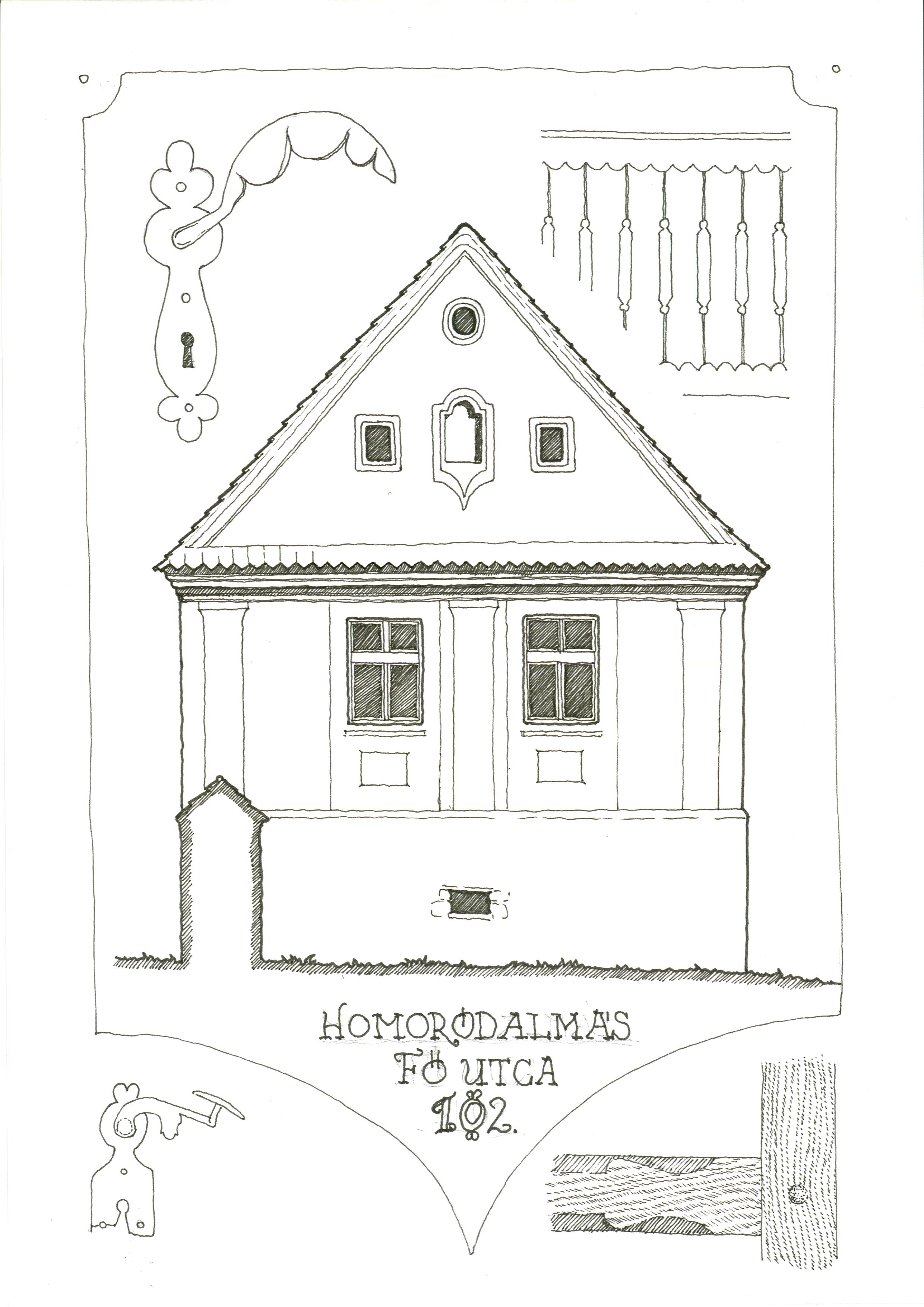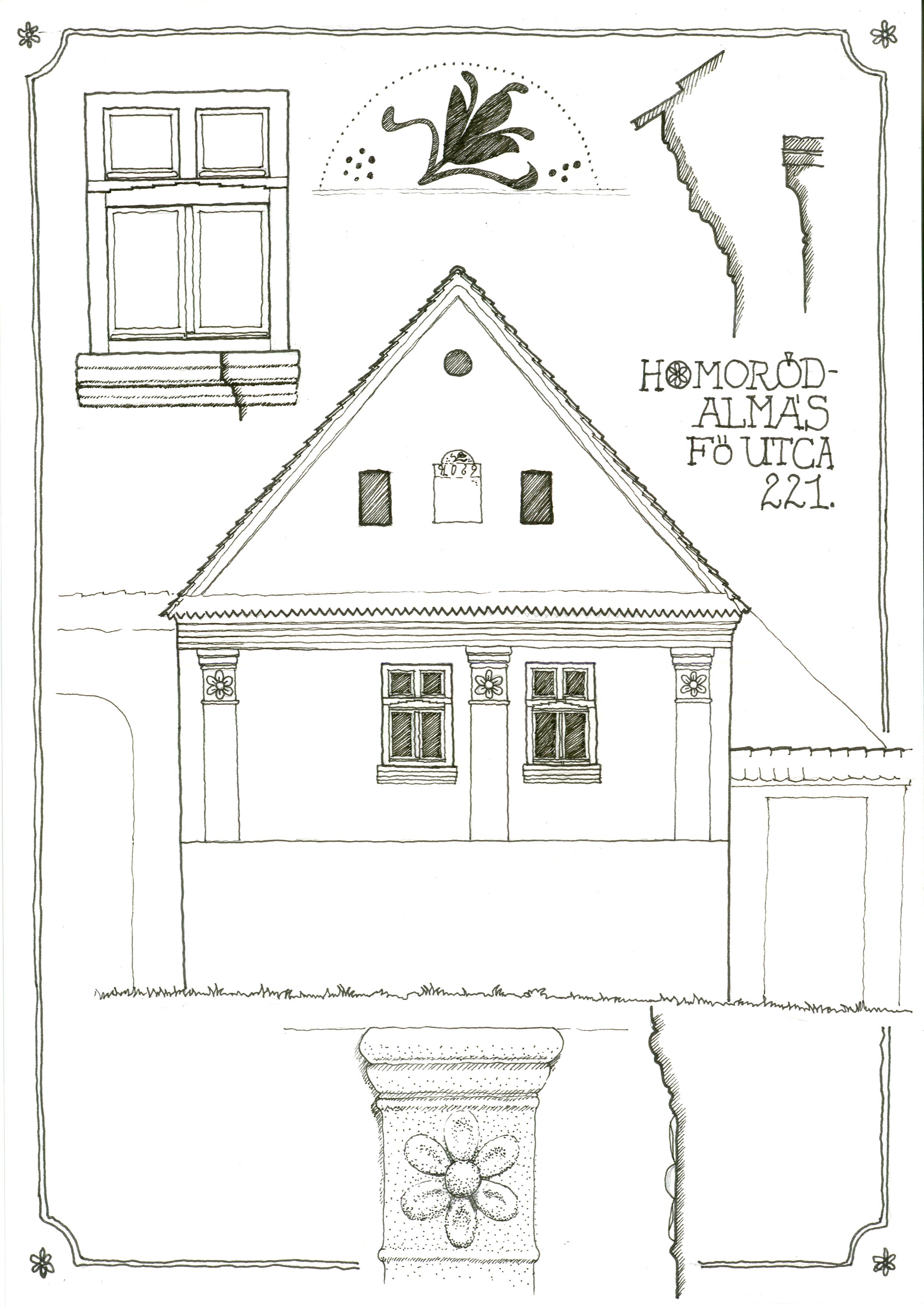Jelenleg elkezdtem a korábban különböző településeken fotóval dokumentált épületek utcai homlokzatait tablókra kirajzolni. A tablók egyszerűek, szűk szavúak, az utcai homlokzatot és egy-egy megfogható értékes részletet helyezek el rajtuk. A kézi rajzolás nem csak a megismerés de az élvezet eszköze is.
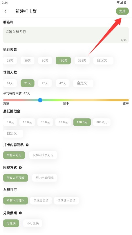 4、完善群组基础信息,包括名称、打卡周期、休息日设置及保证金金额等必填项后提交。
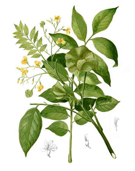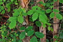The bright green, imparipinnate leaves are arranged alternately on the branchlets. Trees are either briefly fully deciduous or may be evergreen in uniformly humid zones. The new flush of leaves is light green, turning dark mid-green. Each leaf has (5–) 7–9 (–11) alternately arranged, ovate leaflets; each leaflet is about 6–12 cm (2.4–4.8 in) long by 3–7 cm (1.2–2.8 in) wide, with an entire margin. The terminal leaflet is larger, with the smallest leaflets in the lowest pair on the rachis.
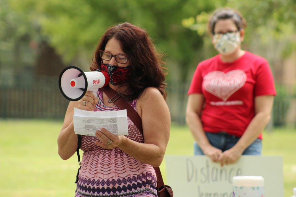Sherry Willey is a parent and middle school teacher in Alachua County. “Brick-and-mortar schools were not made with the goal of social distancing in mind,” she told those attending. She called for community collaboration for a safe reopening of schools with a focus on digital education. Willey’s step-father is currently hospitalized in critical condition with COVID-19.
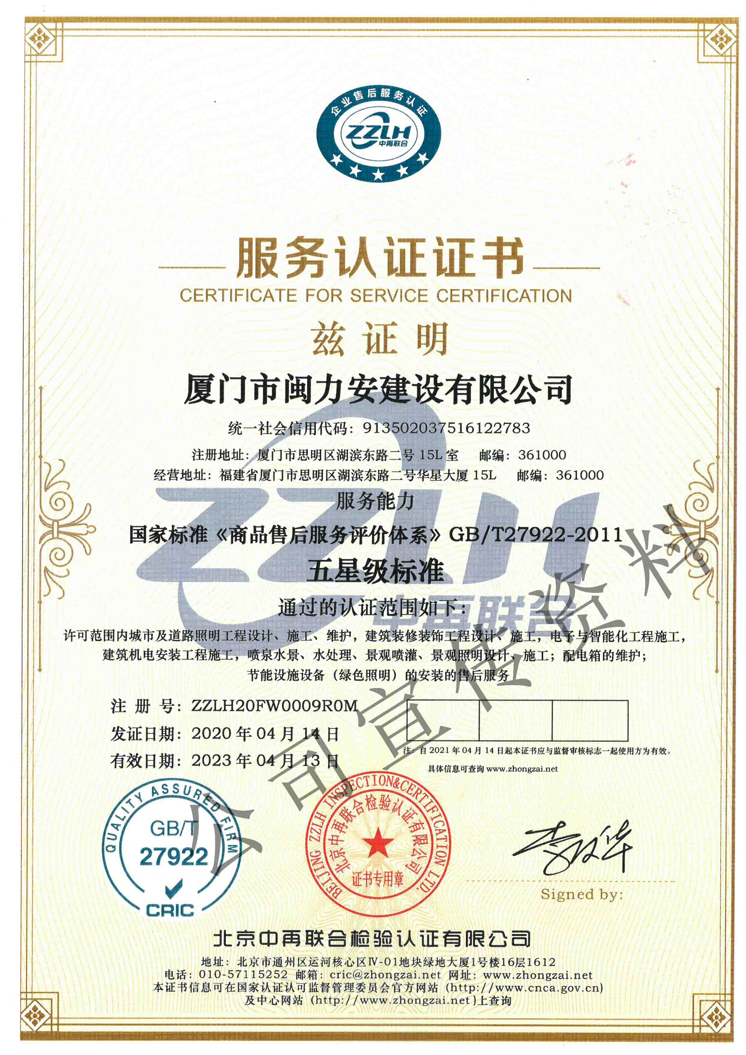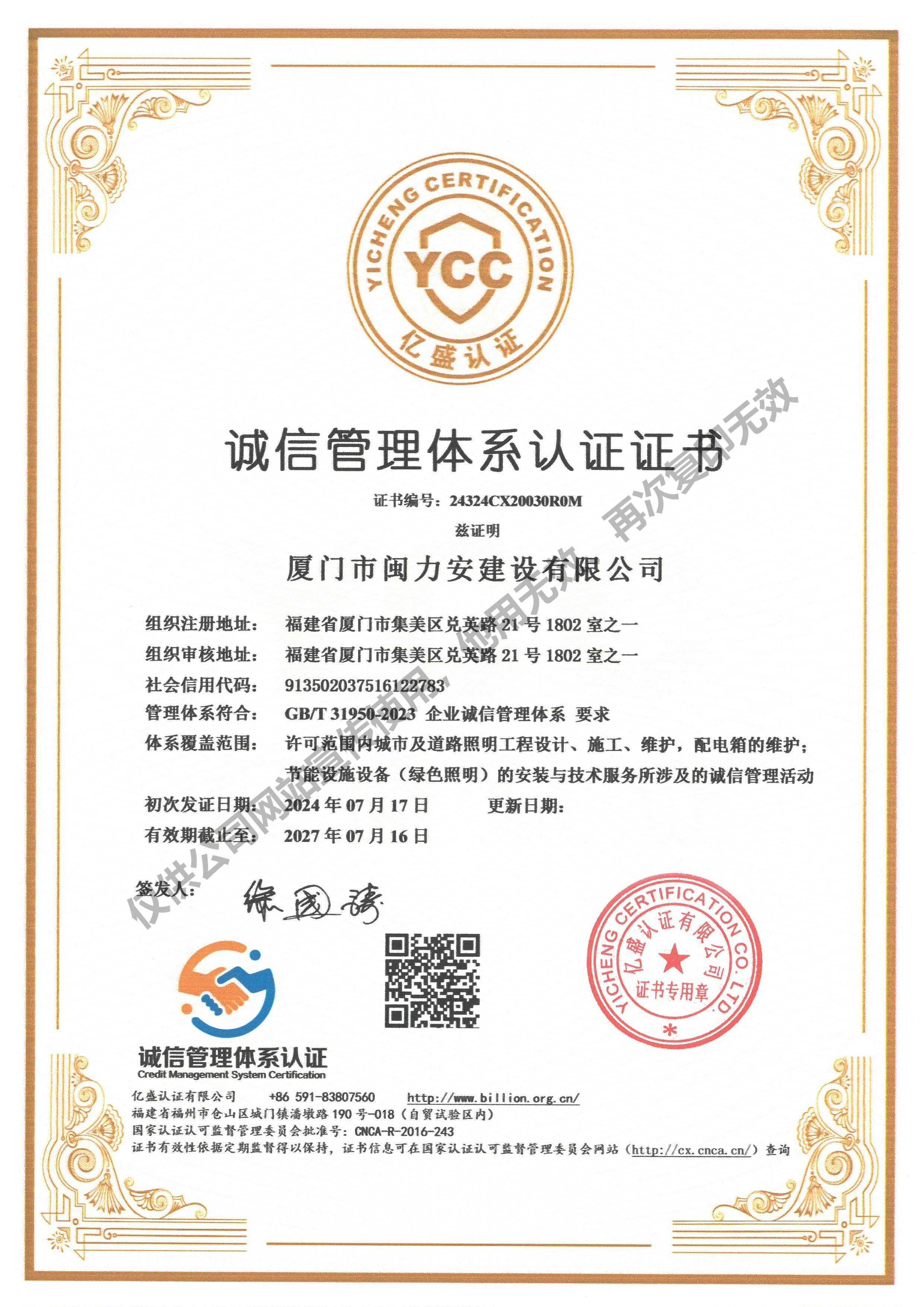 祝賀閩力安取得:誠信管理體系認(rèn)證證書

• Task to carry out: Return the line containing "4、完善群组基础信息,包括名" and every line after it through the end of the records above, exactly and nothing else, but not the pictures.

• Your solution:
 4、完善群组基础信息,包括名称、打卡周期、休息日设置及保证金金额等必填项后提交。
The bright green, imparipinnate leaves are arranged alternately on the branchlets. Trees are either briefly fully deciduous or may be evergreen in uniformly humid zones. The new flush of leaves is light green, turning dark mid-green. Each leaf has (5–) 7–9 (–11) alternately arranged, ovate leaflets; each leaflet is about 6–12 cm (2.4–4.8 in) long by 3–7 cm (1.2–2.8 in) wide, with an entire margin. The terminal leaflet is larger, with the smallest leaflets in the lowest pair on the rachis.
Sherry Willey is a parent and middle school teacher in Alachua County. “Brick-and-mortar schools were not made with the goal of social distancing in mind,” she told those attending. She called for community collaboration for a safe reopening of schools with a focus on digital education. Willey’s step-father is currently hospitalized in critical condition with COVID-19.
 祝賀閩力安取得:誠信管理體系認(rèn)證證書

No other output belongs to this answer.